TASK: After finding "En plata cincelada" in a line below, print that line and the rest of the lines exactly, leaving out all pictures.

[Dataset entries]
★ ★ ★ ★ ★ ★ ★

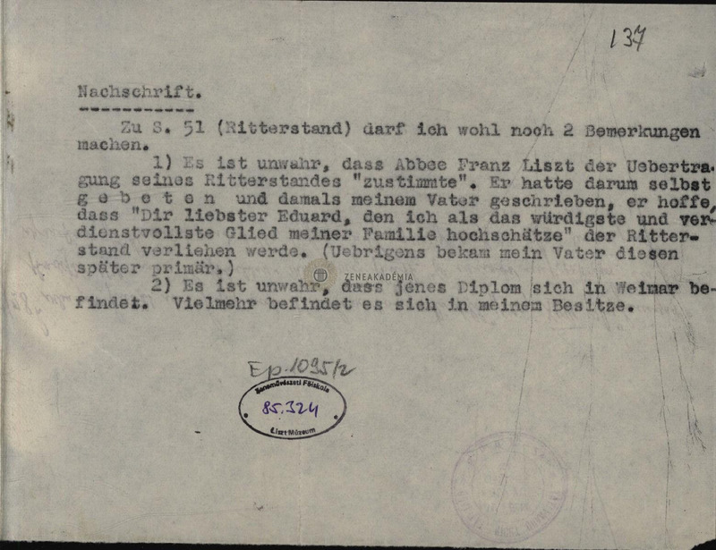 Liszt nemzetiségéről, nagyapjához fűződő kapcsolatáról, a lovagrend felvételéről.
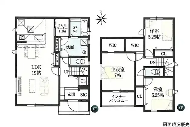 | 設備 | トイレ2ヶ所、システムキッチン、カウンターキッチン、IHクッキングヒーター、ウォークインクローゼット、床下収納、洗髪洗面化粧台、上水道、下水道、複層ガラス、モニタ付インターホン、駐車場2台分、SIC、ミセスコーナー(1.5帖) | ||
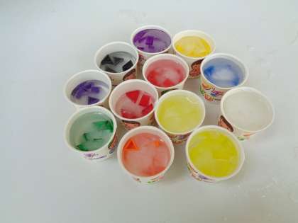 ゼリーカップに、小さいおもちゃを入れて凍らせました。
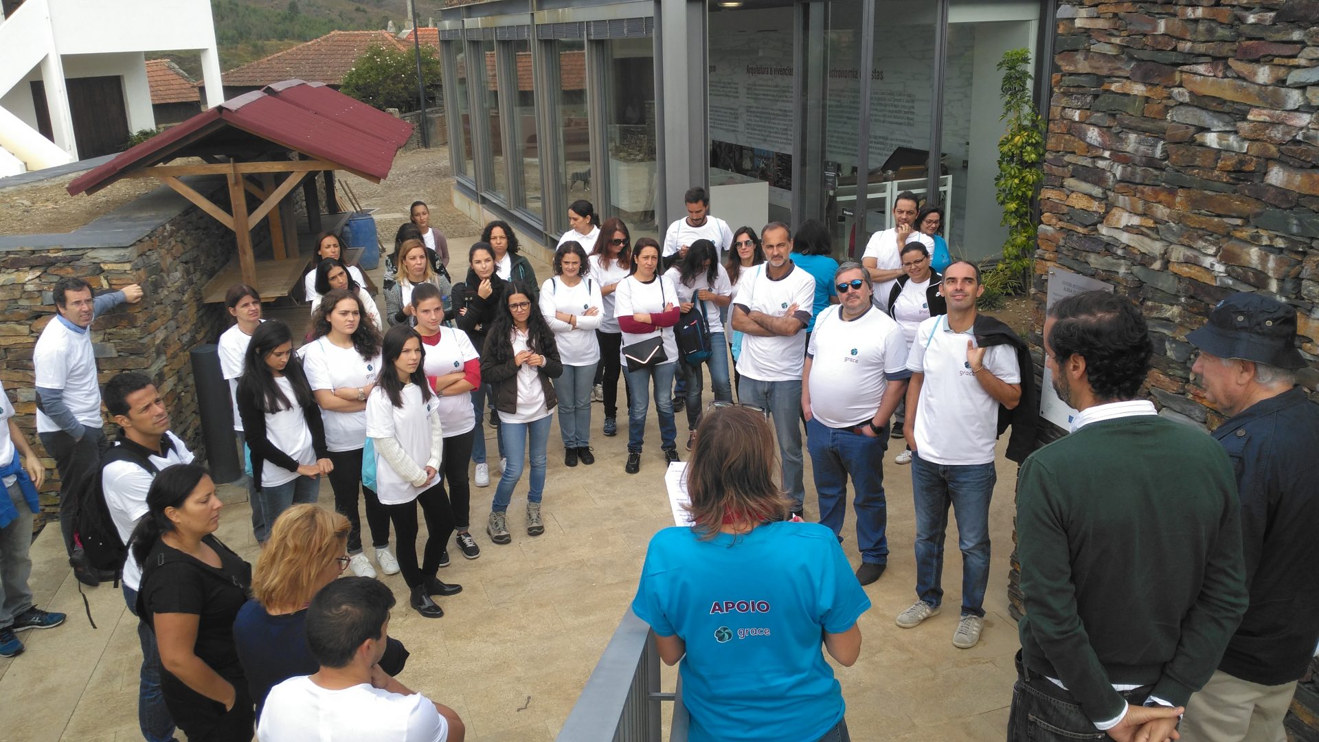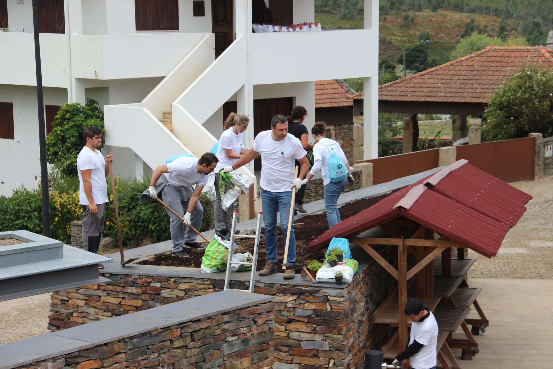 A Aldeia de Quintadona foi um dos 11 locais escolhidos pelos voluntários das empresas do GRACE para desenvolverem o GIRO 2018 (GRACE – INTERVIR – RECUPERAR – ORGANIZAR) cujo tema foi “Em Defesa do Património”. Assim, no passado dia 12 de Outubro, 43 voluntários de 6 empresas do GRACE e de 3 organizações locais desenvolveram tarefas de embelezamento dos espaços públicos e de espaços pertencentes à Associação Casa Xiné.
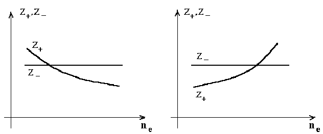 Об устойчивости стационарного состояния можно судить по взаимному расположению кривых в его окрестности. Если при ne>ne(0) Z- проходит выше, а при ne<ne(0) - ниже (кривой рождения рис. 6 а.), состояние устойчиво, ибо при случайном отклонении от равновесия система к нему возвращается. В противном случае (рис. 6 б) состояние неустойчиво: при случайном возрастании ne рождение становится больше гибели и число электронов увеличивается еще сильнее.
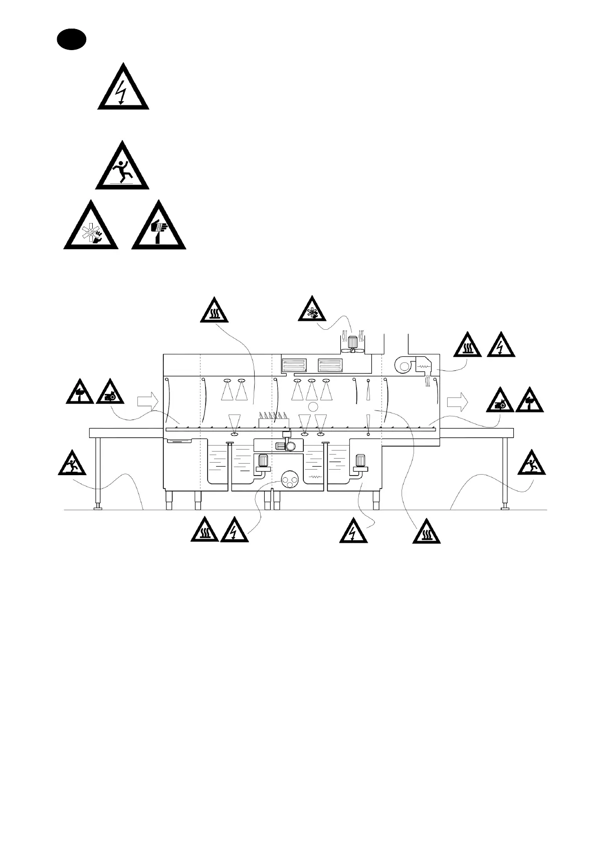 The machine is equipped with casings that limit access to the interior and to moving parts; these are
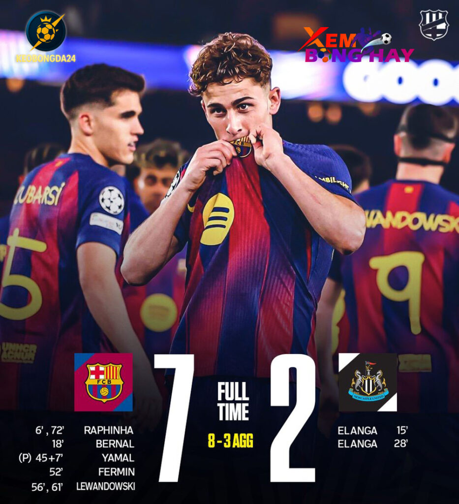 Sau hiệp đầu tương đối cân bằng, Barcelona đã bùng nổ đến khó tin sau giờ nghỉ để khép lại trận đấu lượt về vòng 1/8 Champions League gặp Newcastle với tỷ số… 7-2 – Keobongda24.
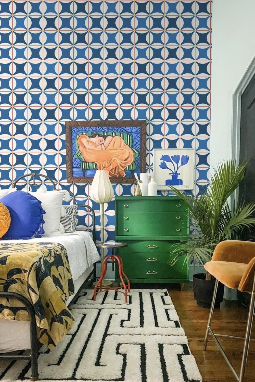 Jusqu'à présent on a parlé de meubles, d'accessoires décoratifs, de peinture. Il y a aussi le papier peint qui peut être source de motif. Dans cette 3ème idée pour décorer avec du bleu et du vert, on est sur un papier peint à motifs géométriques bleu et blanc dans une chambre pour créer un mur accent et offrir une place particulière au mur contre lequel se trouve le lit. Il y a le lit qui est très discret (la tête de lit en métal se fond avec le papier peint). Il y a aussi une commode / chiffonnier qui ressort bien plus avec un vert franc.
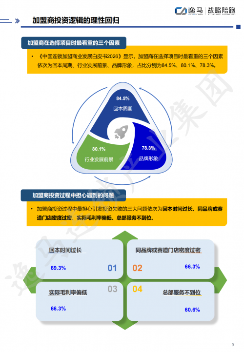 逸马白皮书数据显示,加盟商在选择项目时最看重的三个因素依次为:回本周期(84.5%)、行业发展前景(80.1%)、品牌形象(78.3%)。职业加盟商正在成为主流,他们对品牌方的要求从简单的品牌授权升级为系统化的赋能支持。凭感觉做决策的时代已经结束。
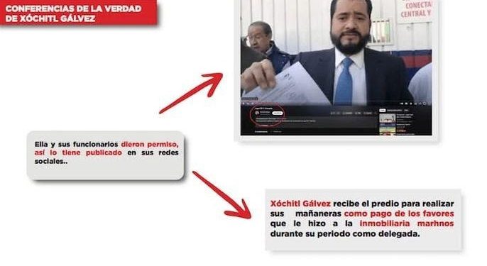 “¿Qué estamos denunciando? Que ella [Gálvez] es socia y parte del grupo Marhnos, porque le da las licencias y contratos: conflicto de interés, tráfico de influencias, corrupción. Es la nueva modalidad del moche. Ya no es la lana literal, ya es ‘te entrego contratos o te hago el favor de pagar tu viaje a España y organizarte la agenda. Y aparte te presto mi casa, te presto mi edificio, y ahí da las conferencias de prensa’. No sabemos qué otros favores y cuánto dinero esta desarrolladora inmobiliaria le está entregando a la campaña de Xóchitl Gálvez para financiar los Xochibots. El dueño, Nicolás Mariscal, acompañó a la candidata en su reciente visita a España; gira que financió y cuya agenda organizó”, acusó.
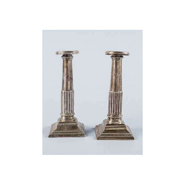En plata cincelada con restos de marcas, parcialmente borradas, (Astorga). Bases rectangulares con decoración de contario y fustes acanalados en la mitad inferior y decoración grabada con festón con motivo de cortinajes en la superior. Mechero circular tambien decorado con motivo de contario. Altura: 19 cm. Peso: 1.247 grs. PUJAR AQUÍ
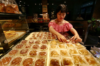 ??? 9月23日,四川省遂寧市一家糕點(diǎn)店的員工在擺放月餅。中秋佳節(jié)臨近,各地月餅飄香上市。新華社發(fā)(鐘敏 攝) |
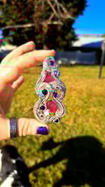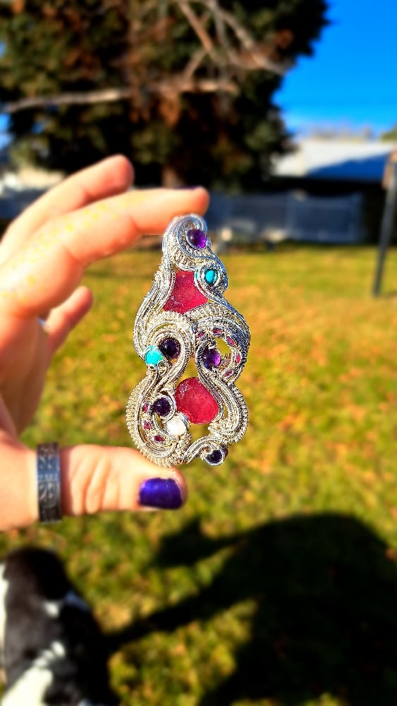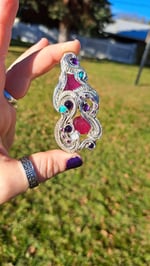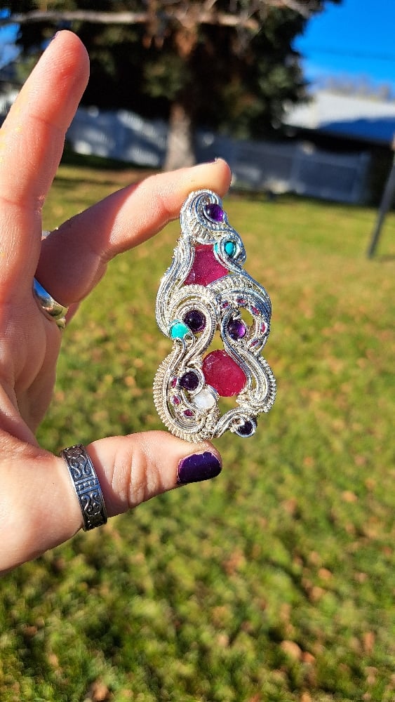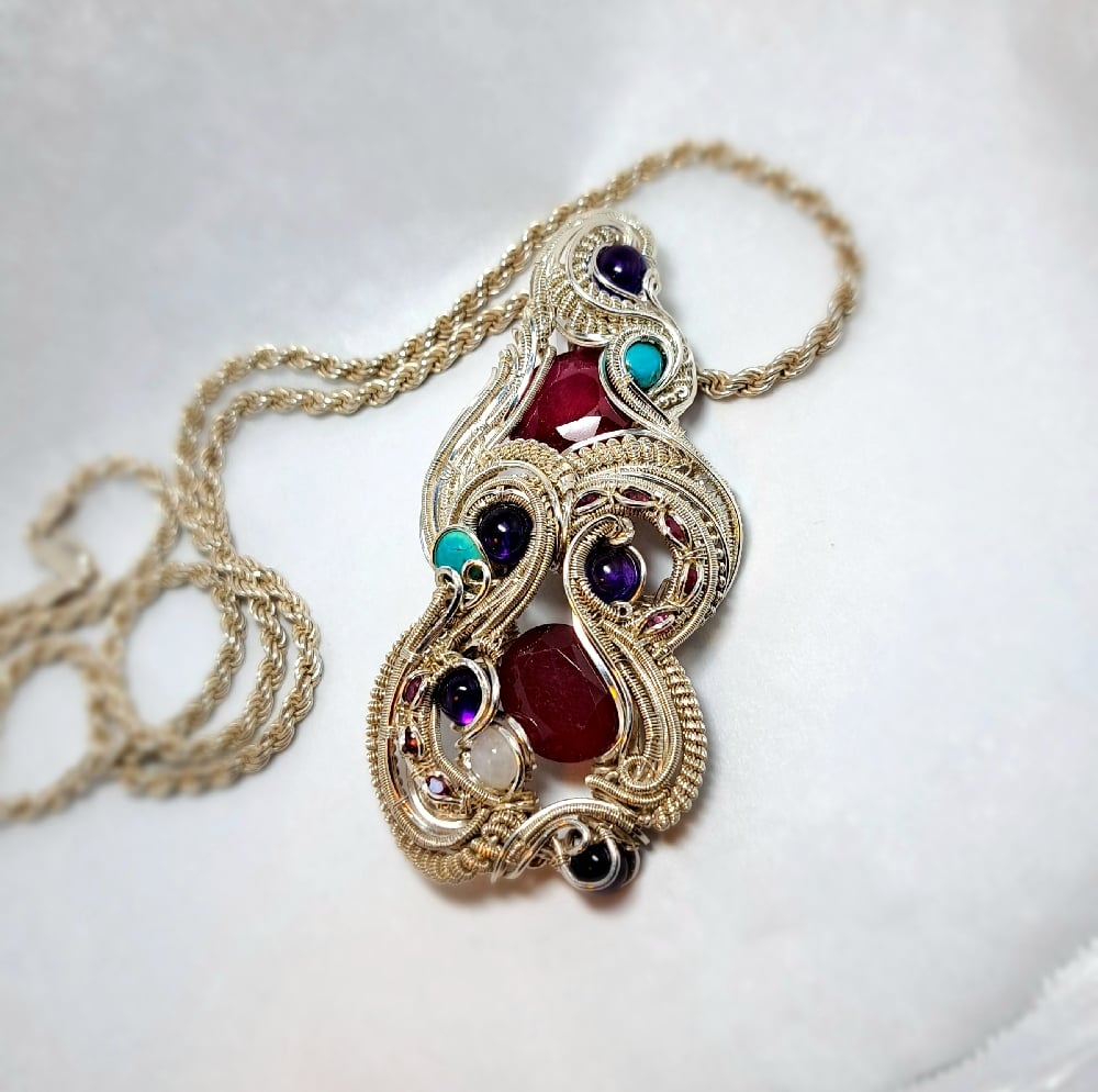 This elegant wire-wrapped pendant features two large ruby facets as its centerpiece, glowing with rich red color. They’re complemented by a soft, luminous moonstone cabochon, two vibrant turquoise cabochons, four deep purple amethyst cabochons, and eight smaller ruby facets for added sparkle.

★ ★ ★ ★ ★ ★ ★

SOLUTION BELOW:
En plata cincelada con restos de marcas, parcialmente borradas, (Astorga). Bases rectangulares con decoración de contario y fustes acanalados en la mitad inferior y decoración grabada con festón con motivo de cortinajes en la superior. Mechero circular tambien decorado con motivo de contario. Altura: 19 cm. Peso: 1.247 grs. PUJAR AQUÍ
 ??? 9月23日,四川省遂寧市一家糕點(diǎn)店的員工在擺放月餅。中秋佳節(jié)臨近,各地月餅飄香上市。新華社發(fā)(鐘敏 攝) |
 This elegant wire-wrapped pendant features two large ruby facets as its centerpiece, glowing with rich red color. They’re complemented by a soft, luminous moonstone cabochon, two vibrant turquoise cabochons, four deep purple amethyst cabochons, and eight smaller ruby facets for added sparkle.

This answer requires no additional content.